Positional cloning and identification of wdw

Widerwing (wdw) alters male-specific wing shape as well as wing size, by changing cell numbers differentially across the width of the male wing, but with no effect on female wing size (11). The male wing size phenotype was initially mapped to a 1Mb region by introgressing chromosome segments from N. giraulti into N. vitripennis. Recombination mapping using generated recessive lethal mutations linked to the introgression (Fig. S1) (17) mapped wdw further to 115kb (Fig. 1). During this process, we broke the region into intervals differentially affecting male wing width, which we made into inbred lines for further analysis (18). We also created a 135kb introgression (wdw-135k line) of N. giraulti sequence in N. vitripennis, resulting in males with wide wings which are not significantly different in wing width from the original wdw introgression line (Fig. 1).

Only one gene, NV21594, occurs within the 115kb wdw region (Fig. 1) (18), suggesting that it could be the gene behind the wing size difference. However, it is also possible that genes adjacent to the 115kb region are responsible, as their expression patterns could be encoded in cis-regulatory elements within this region. We tested the expression of NV21594 and adjacent genes NV10313, NV21595 and hmm1064384 in wings using RT-PCR. We detected expression of all but NV10313 in male wings (18). We further investigated whether NV21594 or adjacent genes have spatial expression patterns in developing wings using RNA in situ hybridization (17). Whereas NV21595 and hmm1064384 do not show a spatial pattern of expression (Fig. 1) (18), NV21594 shows a clear spatial expression pattern that differs between N. vitripennis and the N. giraulti introgression. Specifically, it is expressed in the tip of the N. vitripennis prepupal male wing but is expressed much more broadly along the wing edge both in the giraulti allele of wdw in a vitripennis background (wdwgV) and in N. giraulti male wings (Figs. 1, S3, S4) (18).

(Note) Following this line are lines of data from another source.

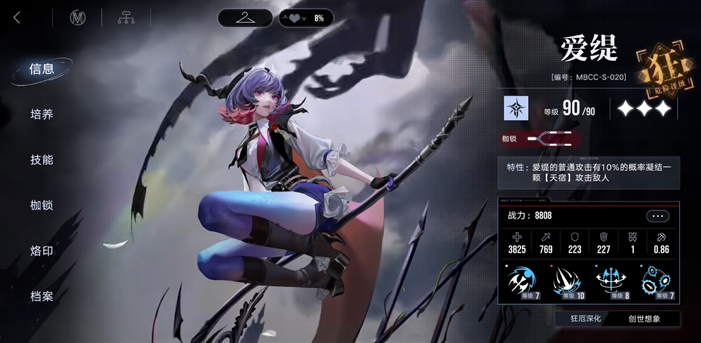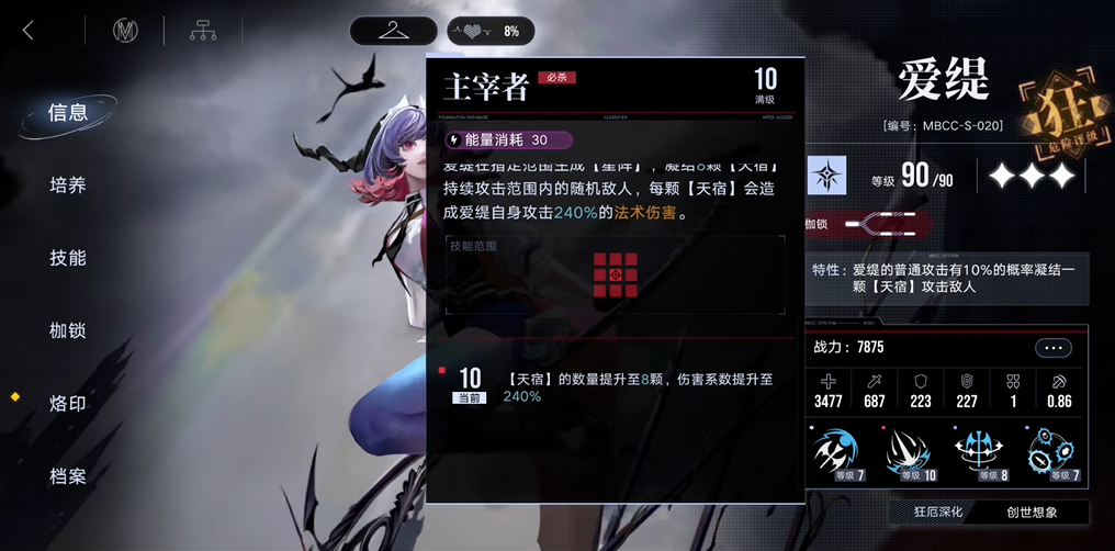 除了通用套装,爱缇的专属烙印为她带来了显著的强度提升,其效果非常值得投入资源开启。她的专属烙印能使天宿在攻击后,提升所有天宿对该目标的后续伤害,并且这个效果可以叠加。这意味着爱缇在持续攻击同一目标时,伤害会越打越高,面对高血量敌人时优势明显。在资源允许的情况下,考虑为爱缇开启专属烙印,尤其是提升到三级,能够让她在长线作战或对抗世界首领等场合中发挥出更恐怖的输出潜力。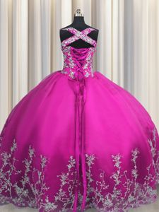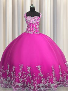 Luxurious Sleeveless Floor Length Beading and Appliques Lace Up Quince Ball Gowns with Fuchsia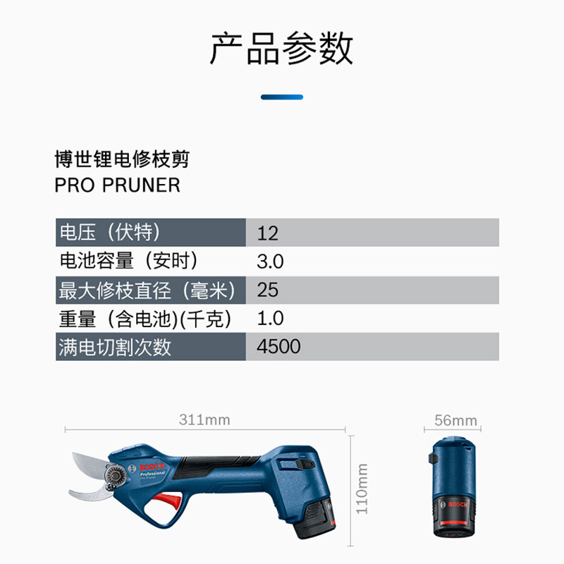 📚 博世12V园林园艺电动剪刀家用花枝果树剪枝机修枝剪Pro Pruner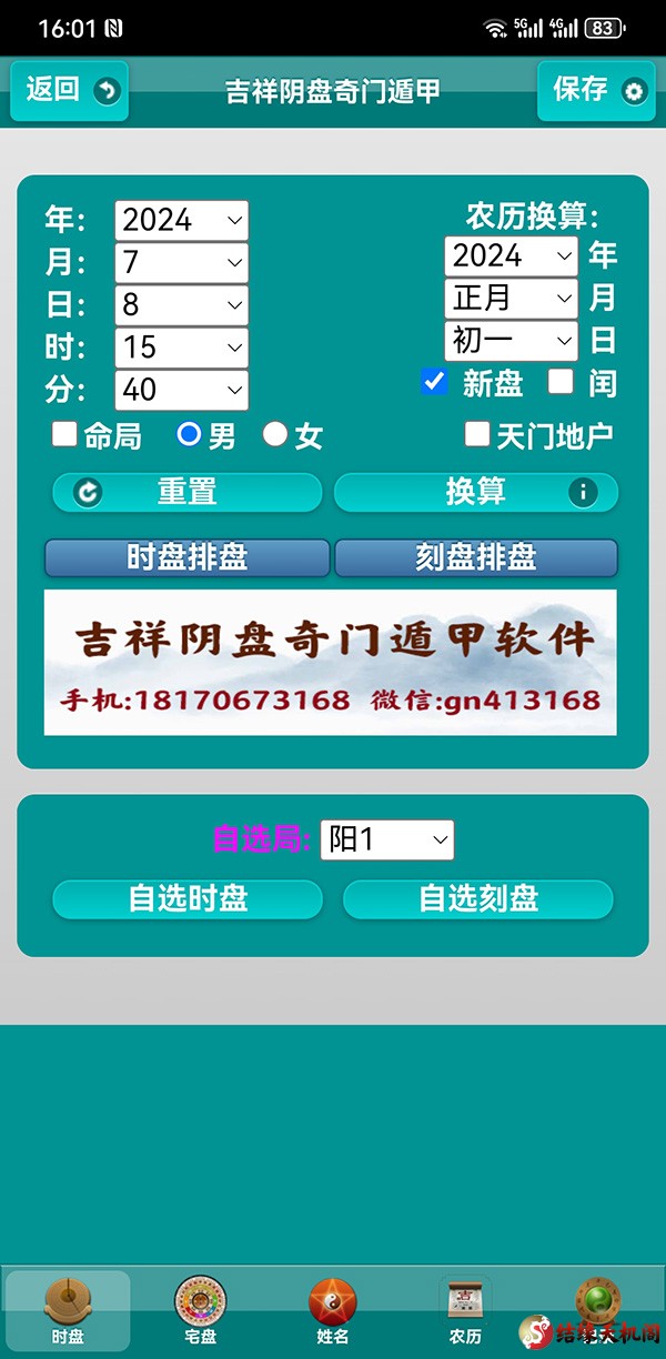 新版安卓阴盘奇门遁甲软件,是手机上的阴盘奇门排盘软件内有时盘排盘、刻盘排盘、山向奇门排盘、阴盘奇门宅盘、移星换斗、姓名排盘、周易万年历等功能。有需要联系微信gn413168 ... ... ... ...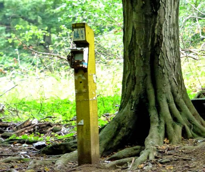 Jól laktunk, majd felkerekedtünk és visszaindultunk az útjelző oszlophoz. És akkor...nos, akkor az útjelző oszlop előtt pár méterre megláttuk a sárga oszlopot, rajta a pecséttel.)Majdnem kiütötte a szemünket a sárga oszlop meg a pecsét is:) Ám mivel az élt bennünk, hogy a háznál kell bélyegeznünk, így az orrunk előtt álldogáló evidenciát észre sem vettük. Szóval itt pecsételtünk: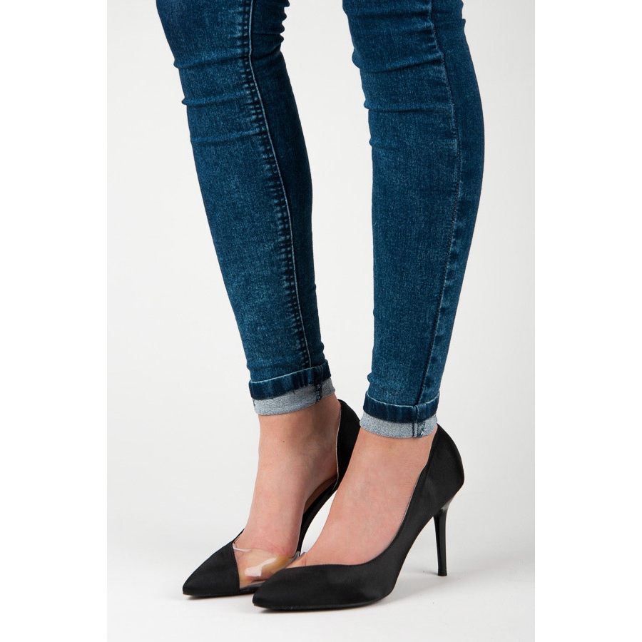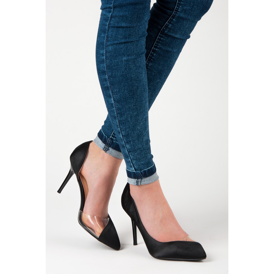 Entdecken Sie einen einzigartigen Stil mit satintransparenten schwarzen High Heels. Diese eleganten Schuhe mit hohen Absätzen vereinen klassisches mit modernem Design und ziehen mit einem einzigartigen transparenten Element an der Spitze alle Blicke auf sich. Sie sehen aus, als wären sie halb angeschnitten, was ihnen Originalität verleiht und jedem Benutzer das Gefühl gibt, etwas Besonderes zu sein.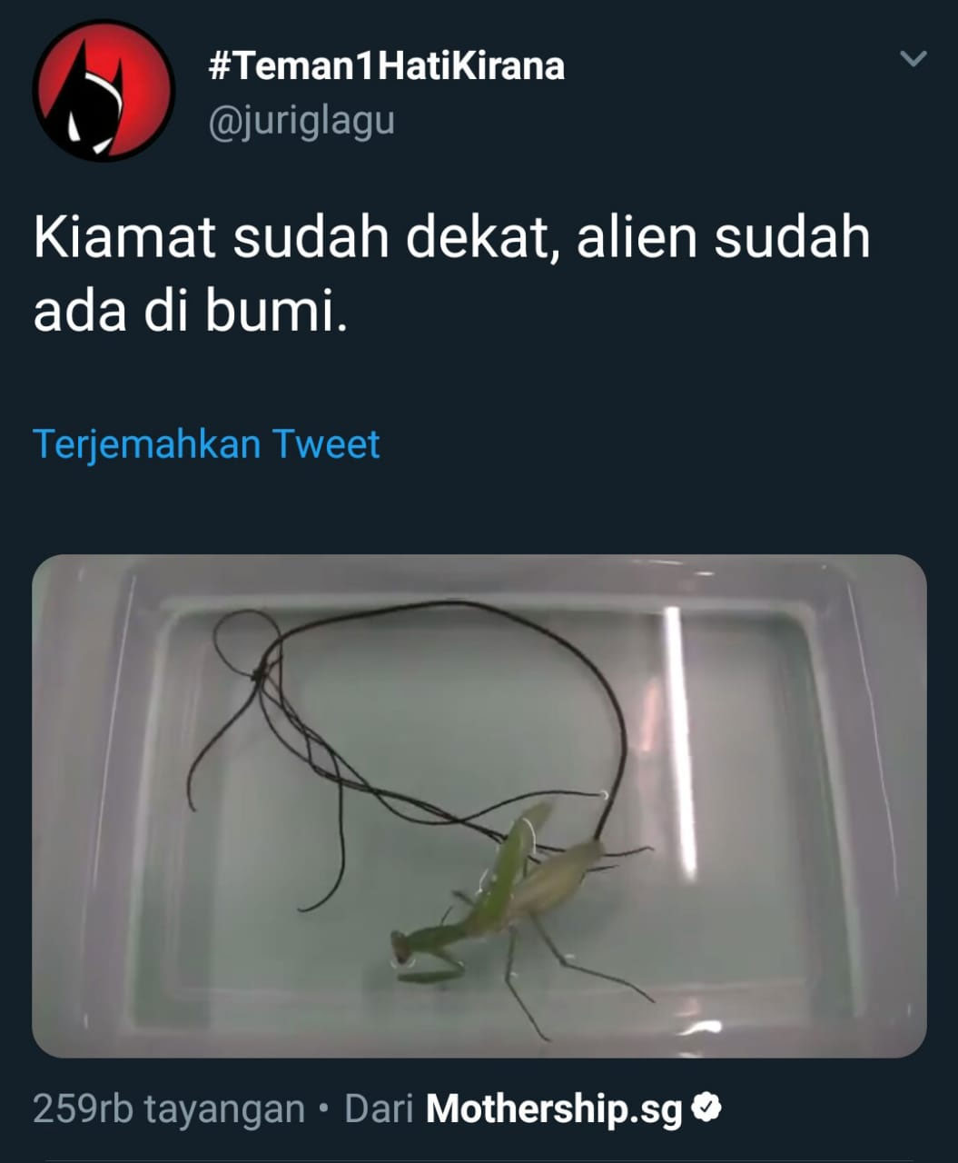 Makhluk tersebut keluar dari belalang hingga belalang tersebut lemas kemudian mati. Video aneh tersebut pertama kali diupload oleh akun @MothershipSG.

Thus, the correlation between expression pattern and wing size suggest NV21594 as the likely candidate for wdw.

Through searches to other arthropod genomes, we have identified genes with homology to NV21594 in the holometabolous insect orders Hymenoptera, Coleoptera, and Diptera (Fig. S5) (18), which include the Drosophila melanogaster gene unpaired (upd). The upd candidates from these orders share five conserved peptide motifs, including an unusual short motif (WxNPCG) that is diagnostic for upd candidate protein genes in Nasonia, Apis, Tribolium and D. melanogaster (Table S1) (18). We therefore refer to NV21594 as unpaired-like (upd-like). The upd candidates occur in clusters with two paralogous genes (upd-like2 and upd-like3) in each of these taxa, as is also found in D. melanogaster. These proteins are also highly alpha helical (Fig. S5), typical of cytokines (21). Upd in Drosophila regulates cell proliferation as a ligand of the JAK-STAT pathway, and is thus a reasonable candidate for a wing growth gene. Upd is thought to play the same role in Drosophila as the mammalian cytokine Interleukin-6 (IL-6), which is involved a number of human diseases (21).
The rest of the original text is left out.